Ruth glared at her. “You’ll let your pride be our downfall.”
“My pride?” she echoed, storming across the room. She went toe-to-toe with her sister. “Is that what you think I was? A bitter lover? You’d condemn me for expecting more from a man our father trusted than to be lied to?” Hurt indignation flared in her breast.
“You’re the only woman who’d rather have a street fighter from London than a duke’s son.”
She would have rather had a man who’d not lied to her about his identity. A man who’d been capable of honesty and who’d loved her enough to not keep those secrets.
“Go to him,” Ruth urged.
“He didn’t even come when father passed,” Patience cried, and then closed her eyes, drawing in a deep breath. When she trusted herself to speak, she attempted to explain to Ruth, who’d been only a girl at the time. “It was never about his birthright,” she said, her voice emerging as a broken whisper.
Patience forced her gaze elsewhere. She’d not share those details with her sister. He’d entered her life, slipped inside her heart, and all along there had been another. A proper miss to whom he’d been betrothed and never mentioned. Yes, those heartbreaking details had shattered her and would have certainly been the death knell for her younger sister’s adoration for the Duke of the Ring. Though, she didn’t know why it should matter whether her sister or brother hated Godrick Gunnery with the same vitriolic loathing that she did.
Mayhap because in their adulation they’d preserved some of the innocence Patience had lost early on. Or, mayhap it was because, even with the betrayal between them, part of her heart would belong to him forever. “You cannot have a relationship built on a foundation of lies,” she said. Which was precisely what Godrick Gunnery had done. The least lie being his birthright, and the greatest being that he’d been betrothed to one of those lofty ladies who’d paid Patience a visit and not only revealed her identity but shared evidence that Godrick had merely been toying with the lowborn daughter of a boxer.

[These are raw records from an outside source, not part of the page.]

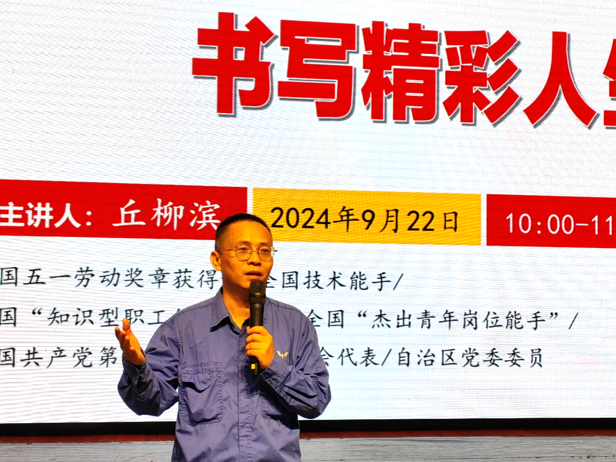 2024年9月22日,在公司大礼堂举行的2024年秋季“形势与政策”课程专题教学报告会上,广西汽车集团有限公司首席技能专家、特级技师、正高级工程师、广西首批科学家精神宣讲团成员、全国“五一劳动奖章”获得者丘柳滨同志给同学们带来了题为“爱岗敬业——书写精彩人生”的专题教学报告。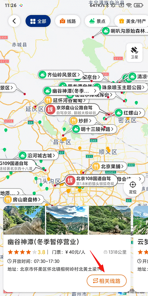 选择景区景点,接着点击下方的相关线路;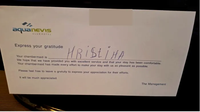 Ca să fie lucrurile clare, pe ușa camerei de hotel veți putea găsi, la întoarcerea în hotel, nota de plată a cameristei. E drept, nu și suma, așa că rămâne la latitudinea voastră să cuantificați prețul în funcție de calitatea serviciilor.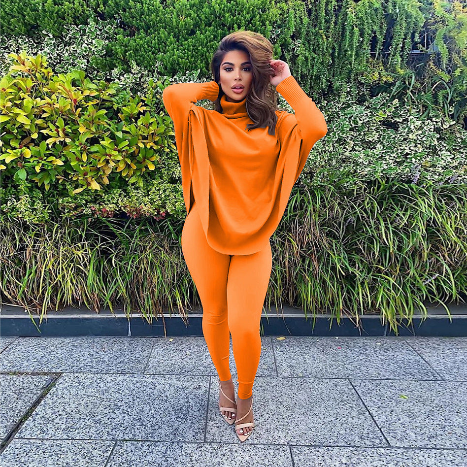 Winter Solid Color Batwing Long Sleeve Two-Piece Set Casual Set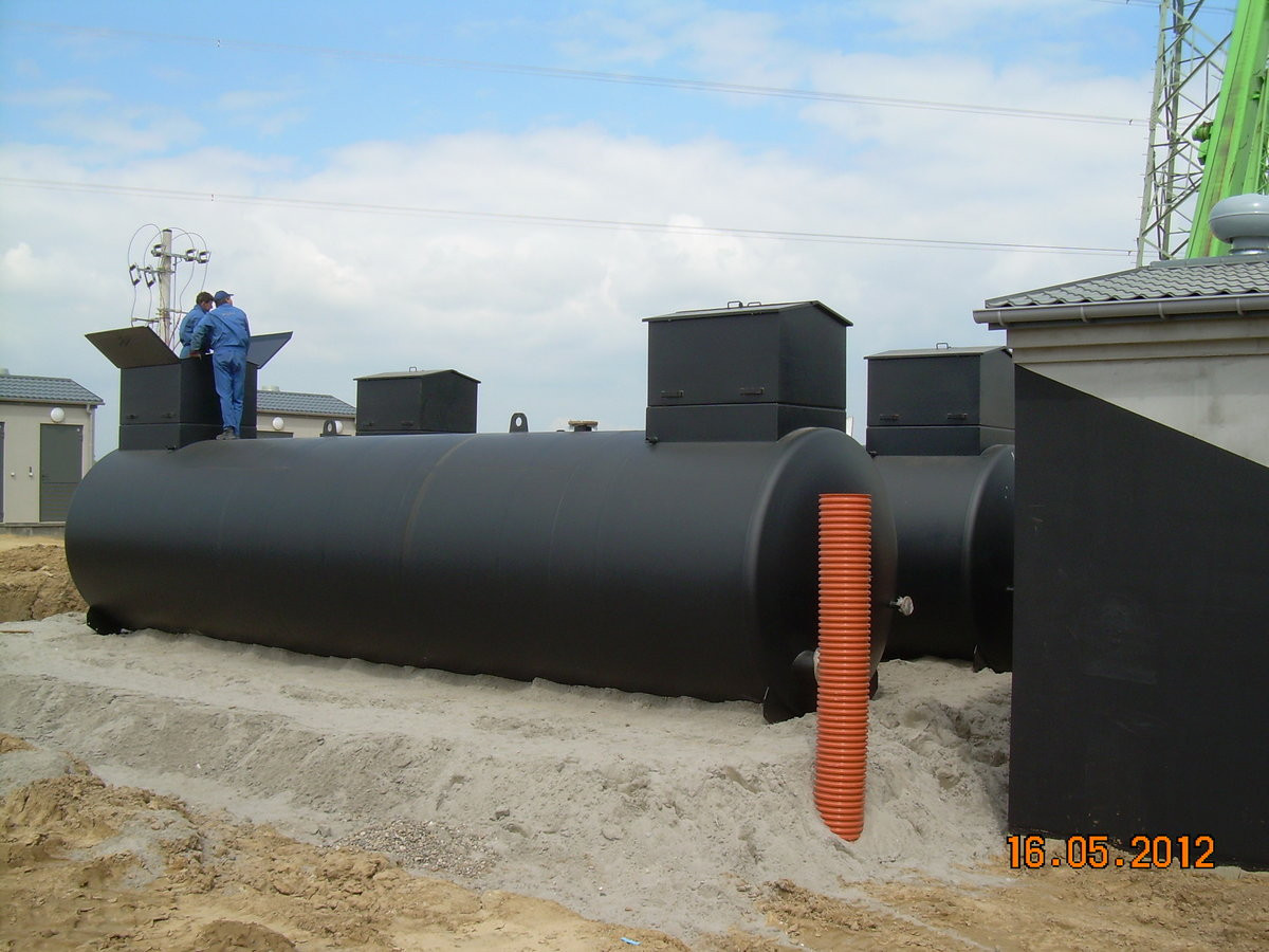 | Zbiorniki do wody p.poż. (izolacja asfaltowa IW-80 / IW-100) | Zbiorniki do wody p.poż. wykonywane według uzgodnionego standardu dokumentacji, przygotowane pod montaż sond i czujników, z zabezpieczeniem warstwą izolacyjną z asfaltu IW-80 lub IW-100. Aktualna konstrukcja uwzględnia m.in. wyznaczenie pojemności rzeczywistej (z uwzględnieniem stref martwych i czujników granicznych), wyposażenie w króćce przyłączeniowe, włazy, studzienki, kosz ssawny, płytę antywirową oraz zabezpieczenia antykorozyjne (wewn./zewn.) farbą poliuretanową. |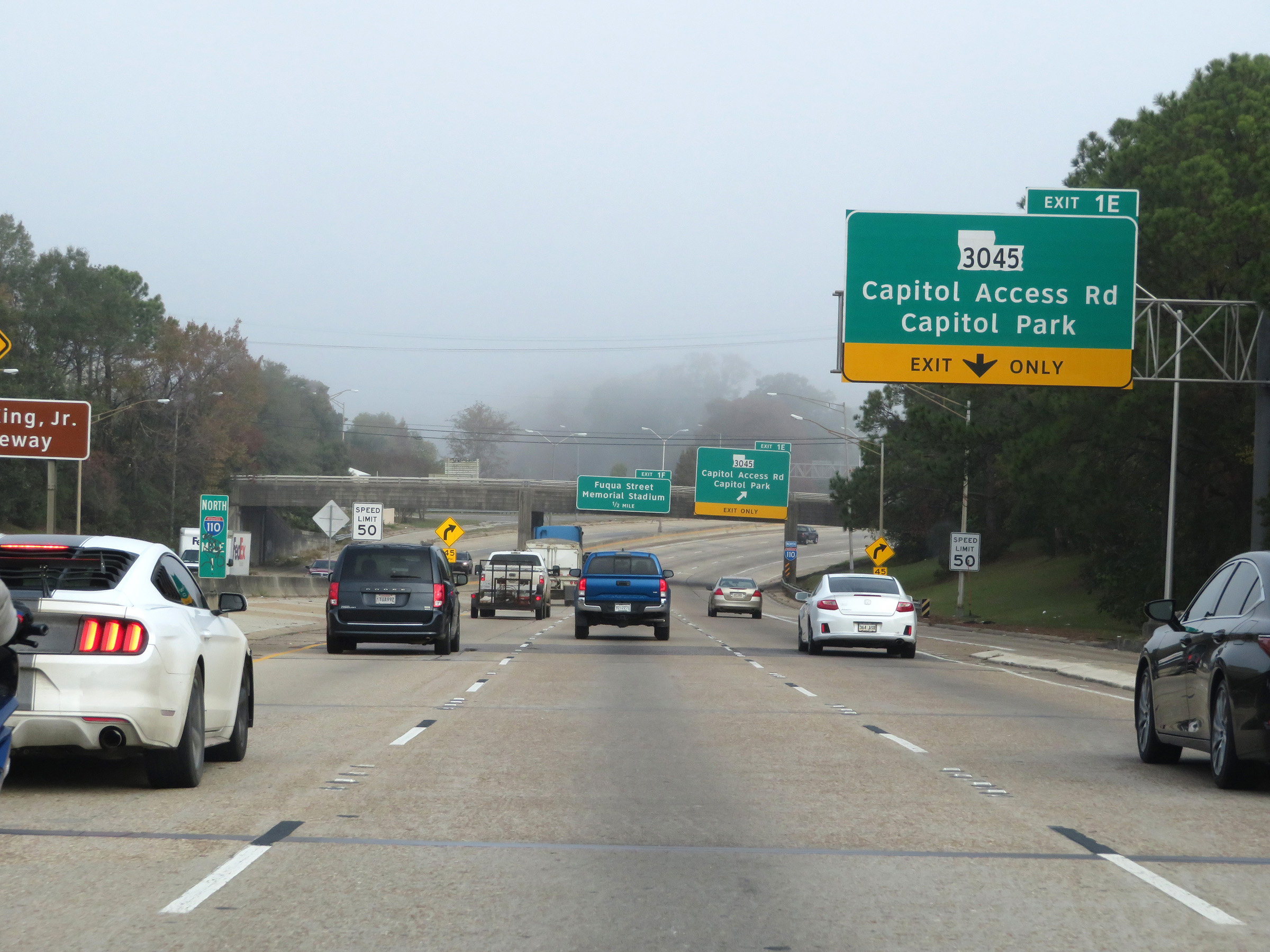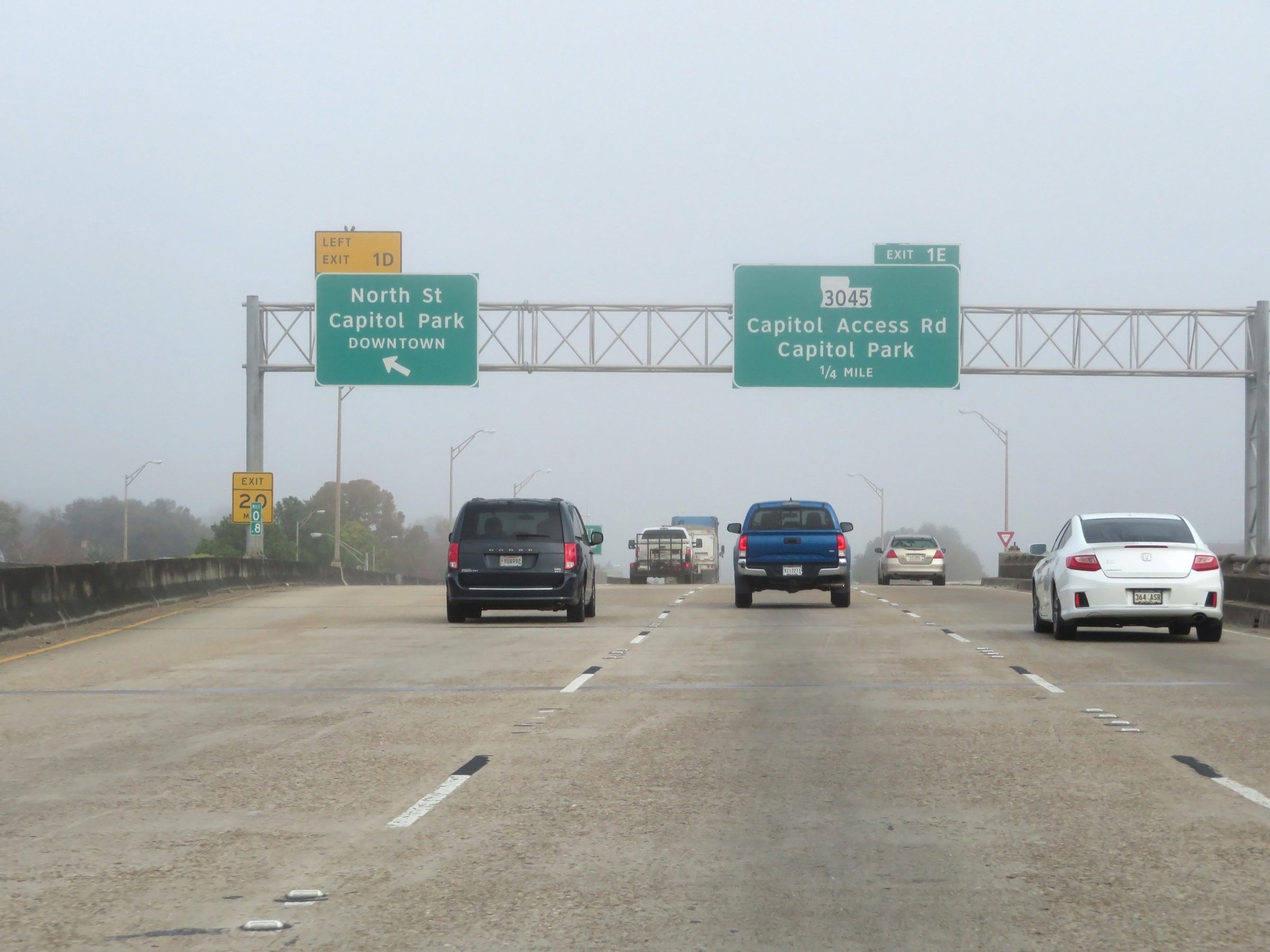 Interstate 110 North at Exit 1E: LA 3045 - Capitol Access Rd / Capitol Park (Photo taken 12/10/20). |

Her heart spasmed all over again. Damn him. And damn her and her inability to make any of their lives right.
“No,” her sister said in surprising agreement. “But neither can you feed a family without coin.”
She winced. Touché.
Ruth gave her head a pitying shake. “I’ll not mention the Duke again.” You just did.
“Do not call him that,” she said tersely. The Duke of the Ring was the name the fighting world gave Godrick Gunnery after he’d handily beaten his first opponent.
“But that is his fighting name.” Yes, it was. Earned after a crowd had proclaimed, Godrick the fighter with noble roots capable of smiting any opponent like the Lord himself. It perfectly suited a commanding gentleman of strength and power. “No. You’ll never hear me so much as suggest that you pay Godrick a visit—”
“You said you wouldn’t mention him again,” she said brusquely.
“Very well. I’ll go see to Samuel. And his bruises. Hopefully, he’s still breathing—”
“Enough, Ruth.” Patience leveled a glower on her persistent sibling.
Muttering to herself in her typical Ruth fashion, her sister marched off. As soon as the click of the door resonated in the still, Patience let loose a long stream of curses. Damn her sister for being correct. It hardly mattered how many years younger she was, Ruth possessed an insight and resolve most of the fighters Tom Storm had schooled over the years did not.
Except one. There had been one indomitable figure that no other person could or would ever compare to.
She stalked to the window and began to knock her forehead rhythmically against the lead windowpane.
Patience knew precisely what she had to do.